Her brother Max, a seventh-grader at Redwood Middle School, said that he had been snorkeling and eating pizza over the summer. "I'm not really preparing in any special way to go back to school," he said. Max spent some time at a marine biology camp on Catalina Island.
Patti Workman, their mother, said that this was a very exciting time of the year for the family.
"We've been really enjoying the summer. But it's a new school year," she said. "I'm looking forward to meeting with other parents. I'm also curious about the teachers that my children are going to get."
As the first day of school nears, families in the area are readying themselves for the year ahead. So are the educators.
Karen Hyde, assistant principal at Saratoga High, said she can never sleep on the night before the first day of school. "It has always been like this, ever since I was in kindergarten," she said.
Hyde likened the arrival of new students to the arrival of a cruise ship. "You know what's going to arrive but you don't know who exactly," she said.
The assistant principal said students at Saratoga High will have a lot to look forward to in the new school year. "The PAL center will open in the fall.
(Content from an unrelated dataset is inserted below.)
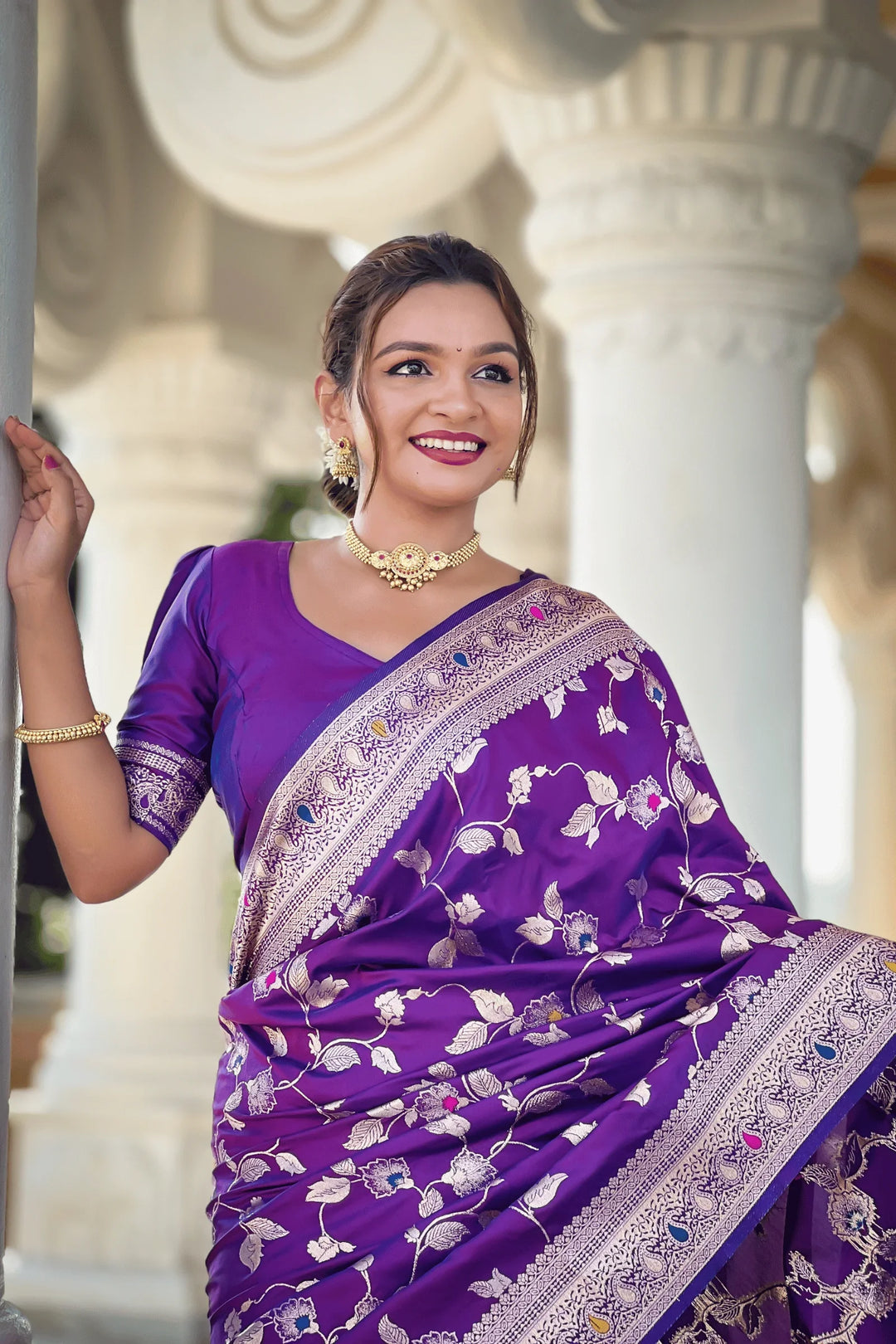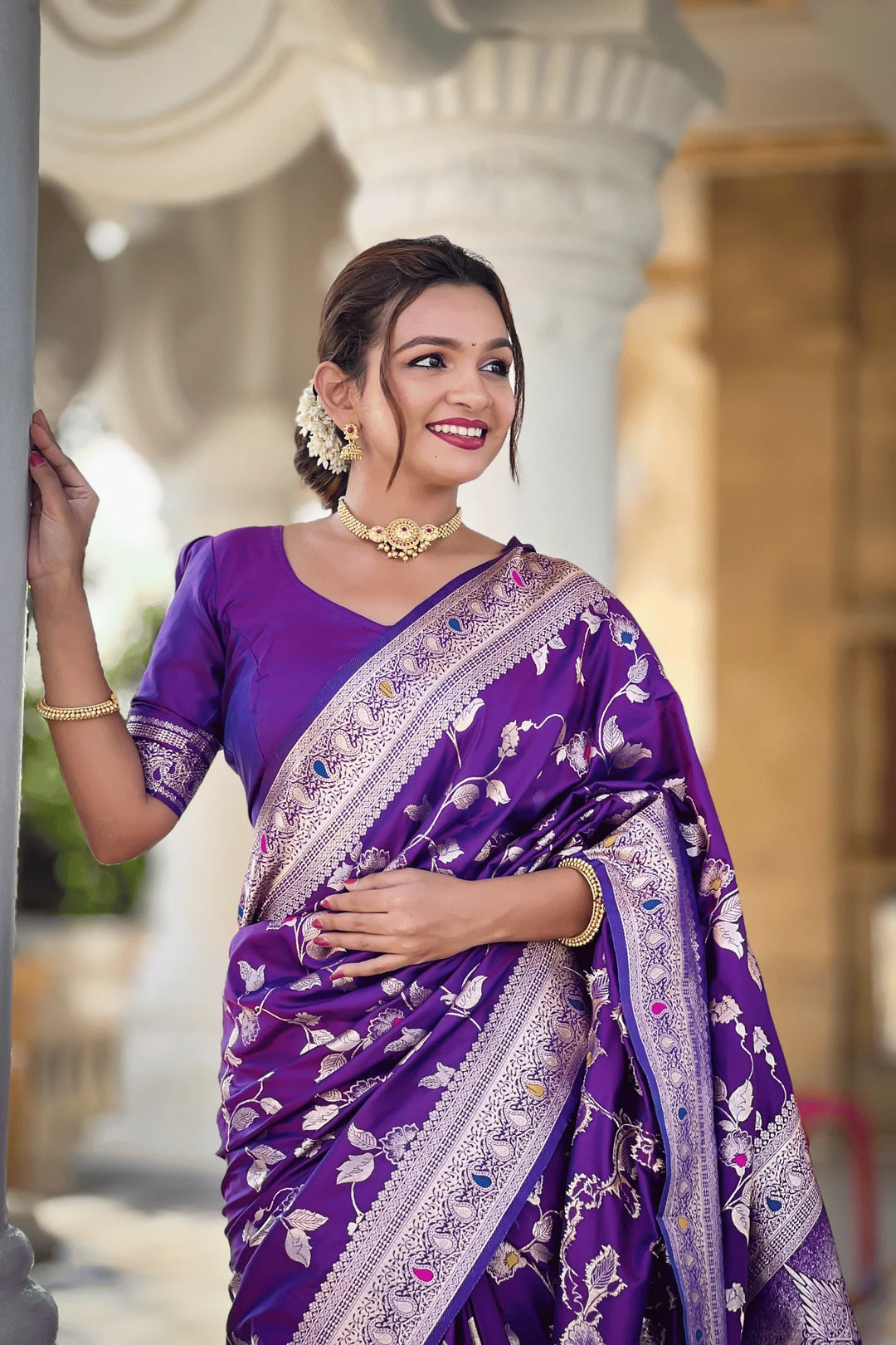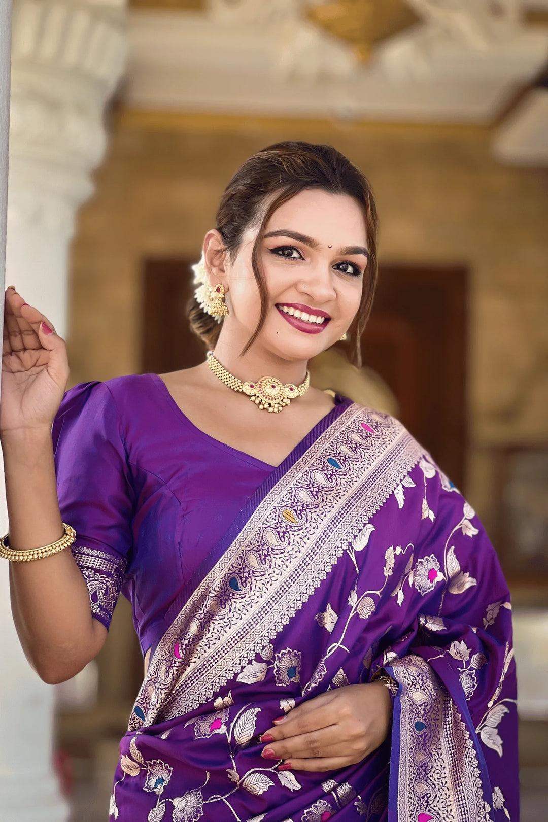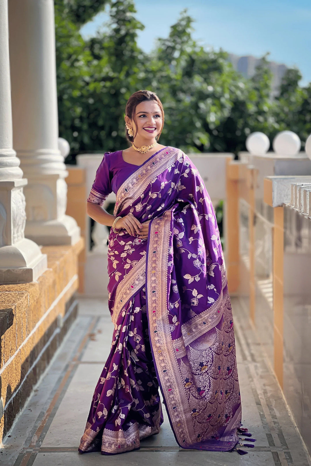 Introducing the Glamwiz Ready to Wear Purple Banarasi Silk Saree. Experience the perfect blend of tradition and convenience with the Glamwiz Ready-to-Wear Saree. The saree has vibrant geometrical border with sophisticated pattern, ideal for office wear and social gatherings.

We're offering some exciting new classes like digital photography," she said. The school will also offer extended 90-minute classes on some days of the week, Hyde said.
"The students are very guarded on the first few days of school. I guess they are afraid of embarrassing themselves," Hyde said. "But after a week, they are not new anymore. You begin to see their true colors."
Hyde said that being a student in high school is perhaps the most important time in a person's life. "They come as children and leave as adults," she said.